An acid (often represented by the generic formula HA [H+A-]) is traditionally considered any chemical compound that, when dissolved in water, gives a solution with a hydrogen ion activity greater than in pure water, i.e. a pH less than 7.0. That approximates the modern definition of Johannes Nicolaus Brønsted and Martin Lowry, who independently defined an acid as a compound which donates a hydrogen ion (H+) to another compound (called a base). Common examples include acetic acid (in vinegar) and sulfuric acid (used in car batteries). Acid/base systems are different from redox reactions in that there is no change in oxidation state.
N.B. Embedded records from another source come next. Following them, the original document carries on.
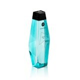 Verpakking: Kristalvormige plastic flessen in een kartonnen geschenkdoos. Productinformatie in het Engels.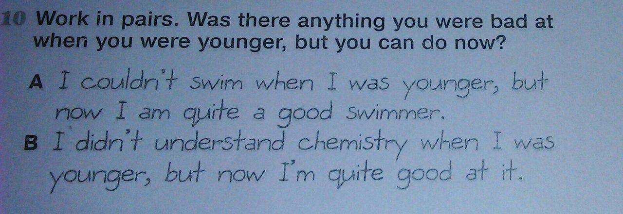 B.I couldn't play the piano when I was younger but now I can do it very well.
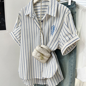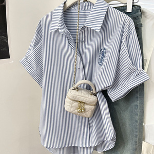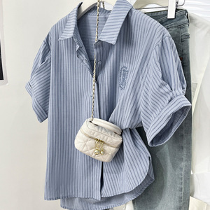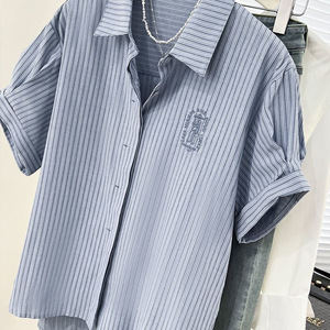 条纹刺绣正肩短袖衬衫女夏季大码设计感小众polo衬衣休闲宽松上衣
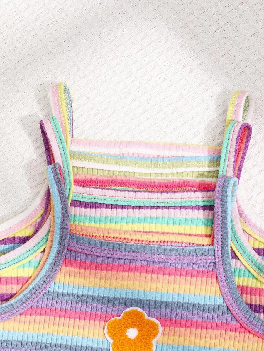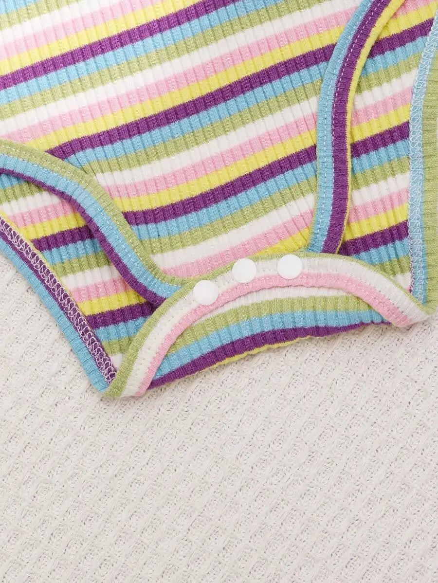 مجموعة من ثلاث بدلات جسم بتصميم مخطط بألوان زاهية ومتنوعة، كل قطعة مزينة بتطريز صغير على شكل زهرة في المنتصف. مصنوعة من خامة قطنية مطاطية خفيفة ومناسبة للاستخدام اليومي، بتصميم بحمالات رفيعة وكباسين سفلية لتسهيل اللبس. الألوان المبهجة تضيف لمسة مرحة على ملابس الأطفال.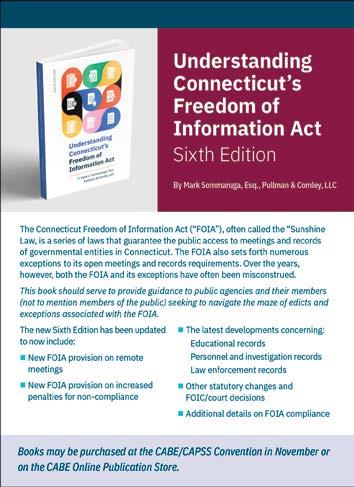 Attorney Sommaruga is the author of “Understanding Connecticut’s Freedom of Information Act” (6th Edition 2024), which has just been released and is available through CABE.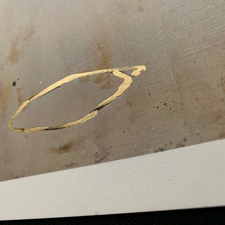 oh th ecstasy (linen print) 9x12 hand embellished GOLD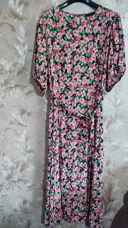 Плаття міді віскоза 100%, стан ідеальне, розмір вказаний 12, ззаду гумка, спереду два розрізи, довжина 118 см, пог 48 см, поб 55 см, плечі 38 см, має дуже крутий вигляд
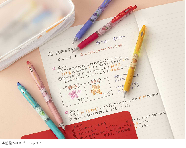 シンプルでかわいいデザインと、フルーティーな香りがするインクで勉強もはかどっちゃう!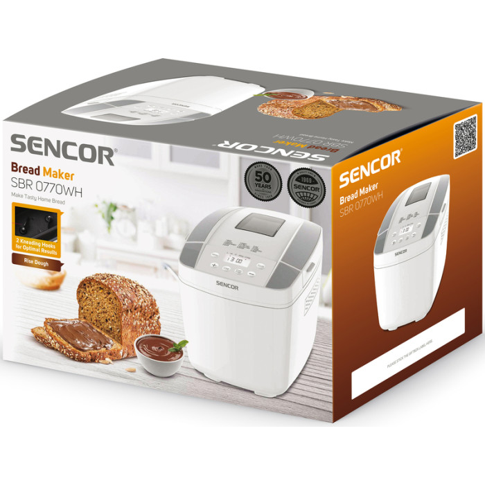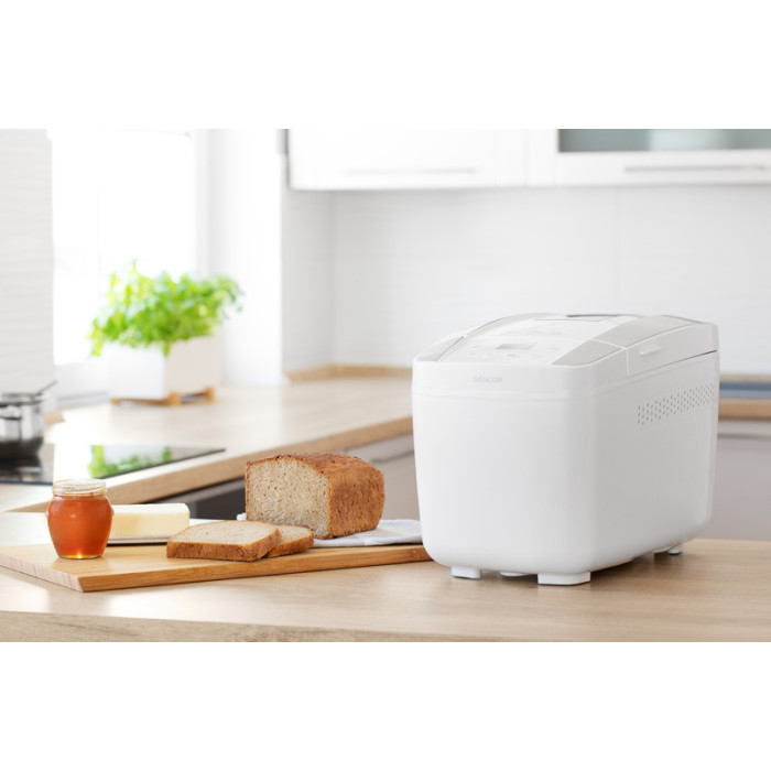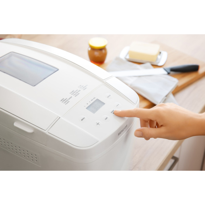 Крышка со смотровым отверстием; Память на 10 минут в случае сбоя эл. питания (хлебопечка продолжает далее выпекать); 3 уровня установки цвета корочки (светлая / средне тёмная / тёмная); Функция поддержания температуры на 60 минут по окончании выпекания; Антипригарное покрытие формы и крюка замеса для простого ухода; Форму можно мыть в посудомоечной машине; Акустический сигнал для добавления ингредиентов, требующих меньшего времени выпекания; Нескользящие ножки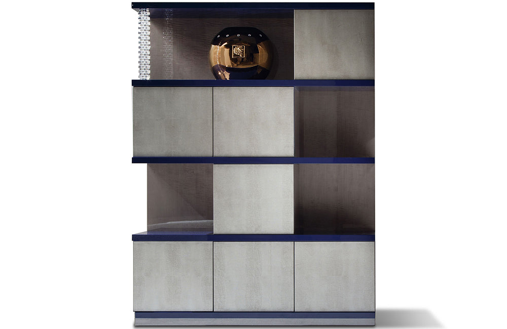 7 doors in silver lizard printed leather with inside in cobalt blue high gloss polyester finish.
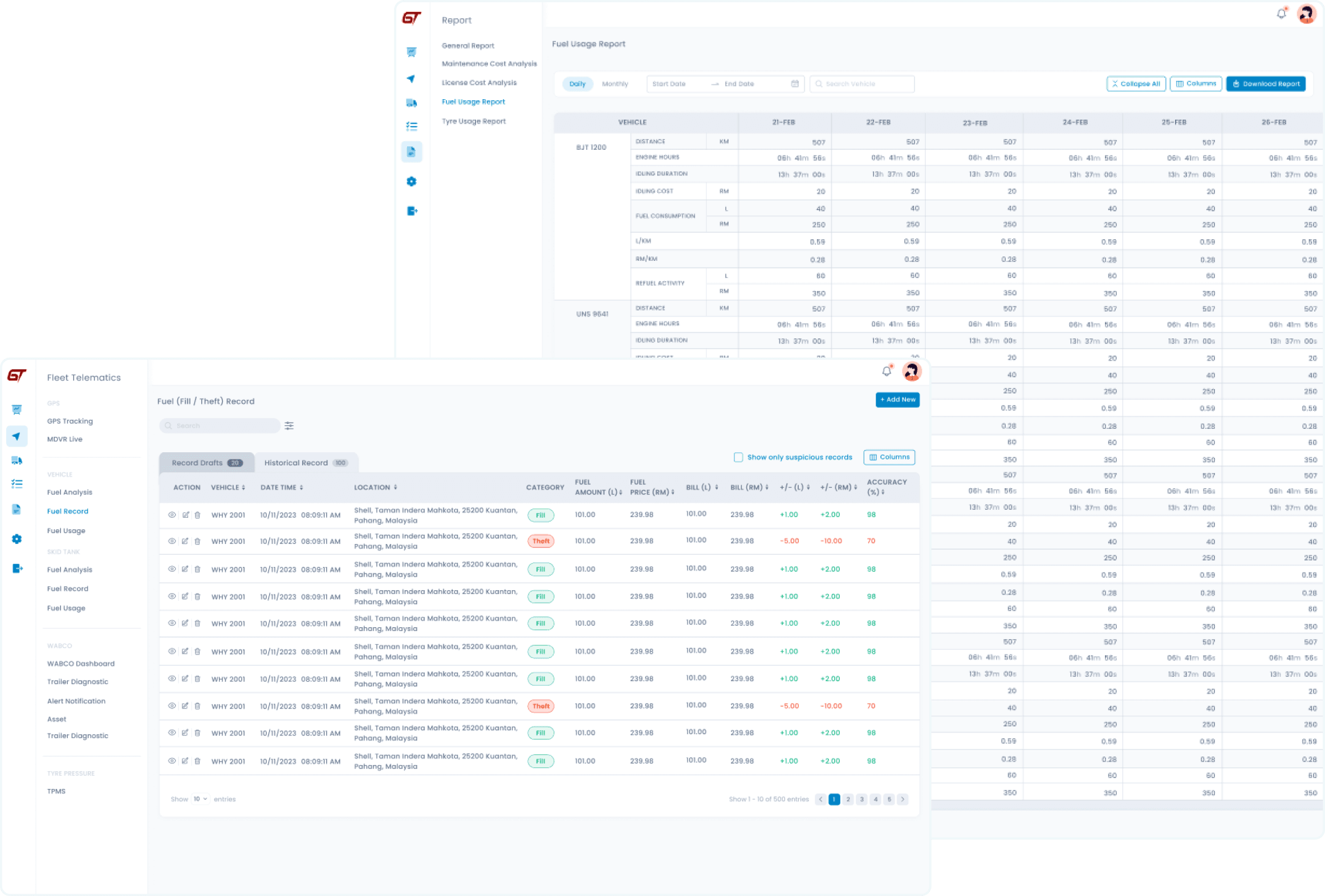 Ability to monitor fuel consumption live, detecting any abnormality of fuel, tracking filling activity location and volume.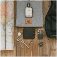 Flat lay of travel items including a map, wallet, watch, padlock, and fragrance on wooden surface.
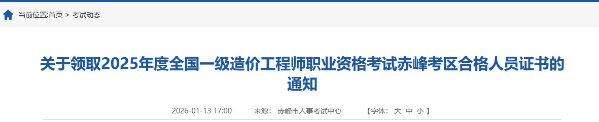 內(nèi)蒙古赤峰市2025年度一級造價工程師資格證書領(lǐng)取通知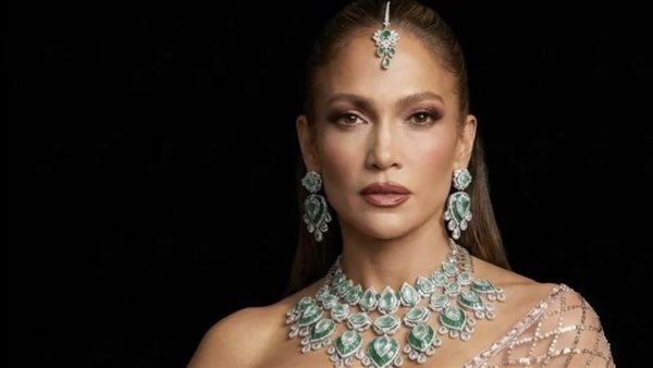 وقد اختارت جينيفر لوبيز ساريًا ورديًا مطرّزًا من توقيع المصمم الهندي الشهير مانيش مالهوترا، أحد أهم الأسماء في عالم الأزياء الهندية وصاحب بصمات مميزة في إطلالات نجمات بوليوود. وقد جاء الساري بتصميم استثنائي يجمع بين النقوش الهندية التقليدية والتطريزات الدقيقة الراقية، ما منح الإطلالة طابعًا ملكيًا متناغمًا مع أجواء الاحتفال الأسطوري في أودايبور، المدينة التي لطالما ارتبط اسمها بالأعراس الفاخرة.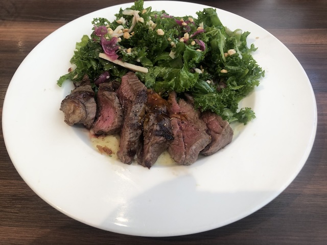 写真↓はランチセットではなく、グランドメニューのアンガスサーロインステーキサラダですが、高級感が伝わると思います。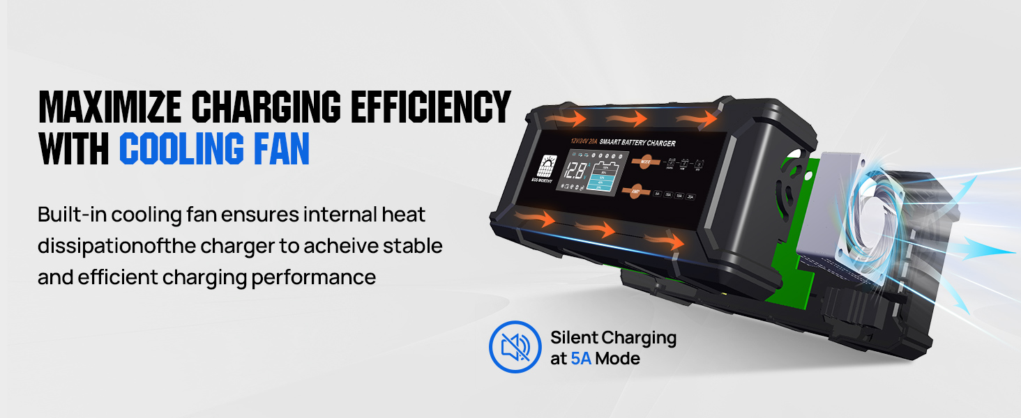 The ECO-WORTHY 20A lithium battery charger’s normal operating temperature is -5℃~40℃. When the temperature reaches 80°C, it will automatically cut off the charging. Meanwhile, the battery charger comes with a cooling fan, which will dissipate the heat when working.
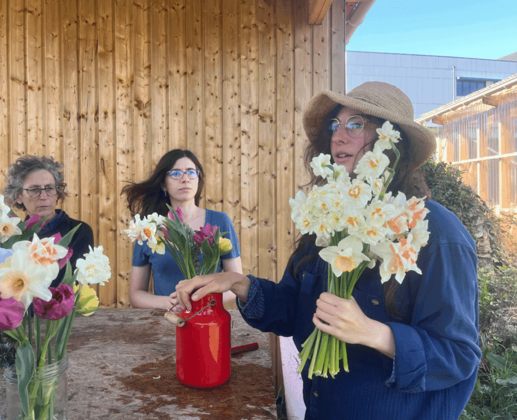 En ce premier week-end d’avril, ce lieu singulier rouvre ses portes au public. Une dizaine de visiteur·ses viennent s’initier à l’art du bouquet. «J’aime beaucoup les fleurs, mais je n’en achète quasiment jamais, confie Marion, l’une des participantes du jour. Ça ne me plaît pas trop qu’on les fasse venir par avion pour qu’elles durent trois jours. J’avais envie de comprendre comment on arrive à produire des fleurs locales, ici, à Montreuil.»

The word "acid" comes from the Latin acidus meaning "sour," but in chemistry the term acid has a more specific meaning. There are four common ways to define an acid:

  • Arrhenius: According to this definition developed by the Swedish chemist Svante Arrhenius, an acid is a substance that increases the concentration of hydrogen ions (H+), which are carried as hydronium ions (H3O+) when dissolved in water, while bases are substances that increase the concentration of hydroxide ions (OH-). This definition limits acids and bases to substances that can dissolve in water. Around 1800, many French chemists, including Antoine Lavoisier, incorrectly believed that all acids contained oxygen. Indeed the modern German word for oxygen is Sauerstoff (lit. sour substance), as is the Afrikaans word for oxygen suurstof, with the same meaning. English chemists, including Sir Humphry Davy at the same time believed all acids contained hydrogen. Arrhenius used this belief to develop this definition of acid.
  • Brønsted-Lowry: According to this definition, an acid is a proton (hydrogen nucleus) donor and a base is a proton acceptor. The acid is said to be dissociated after the proton is donated. An acid and the corresponding base are referred to as conjugate acid-base pairs. Brønsted and Lowry independently formulated this definition, which includes water-insoluble substances not in the Arrhenius definition.
  • solvent-system definition: According to this definition, an acid is a substance that, when dissolved in an autodissociating solvent, increases the concentration of the solvonium cations, such as H3O+ in water, NH4+ in liquid ammonia, NO+ in liquid N2O4, SbCl2+ in SbCl3, etc. Base is defined as the substance that increases the concentration of the solvate anions, respectively OH-, NH2-, NO3-, or SbCl4-. This definition extends acid-base reactions to nonaqueous systems and even some aprotic systems, where no hydrogen nuclei are involved in the reactions. This definition is not absolute, a compound acting as acid in one solvent may act as a base in another.
  • Lewis: According to this definition developed by Gilbert N. Lewis, an acid is an electron-pair acceptor and a base is an electron-pair donor. (These are frequently referred to as "Lewis acids" and "Lewis bases," and are electrophiles and nucleophiles, respectively, in organic chemistry; Lewis bases are also ligands in coordination chemistry.) Lewis acids include substances with no transferable protons (ie H+ hydrogen ions), such as iron(III) chloride, and hence the Lewis definition of an acid has wider application than the Brønsted-Lowry definition. In fact, the term Lewis acid is often used to exclude protic (Brønsted-Lowry) acids. The Lewis definition can also be explained with molecular orbital theory. In general, an acid can receive an electron pair in its lowest unoccupied orbital (LUMO) from the highest occupied orbital (HOMO) of a base. That is, the HOMO from the base and the LUMO from the acid combine to a bonding molecular orbital.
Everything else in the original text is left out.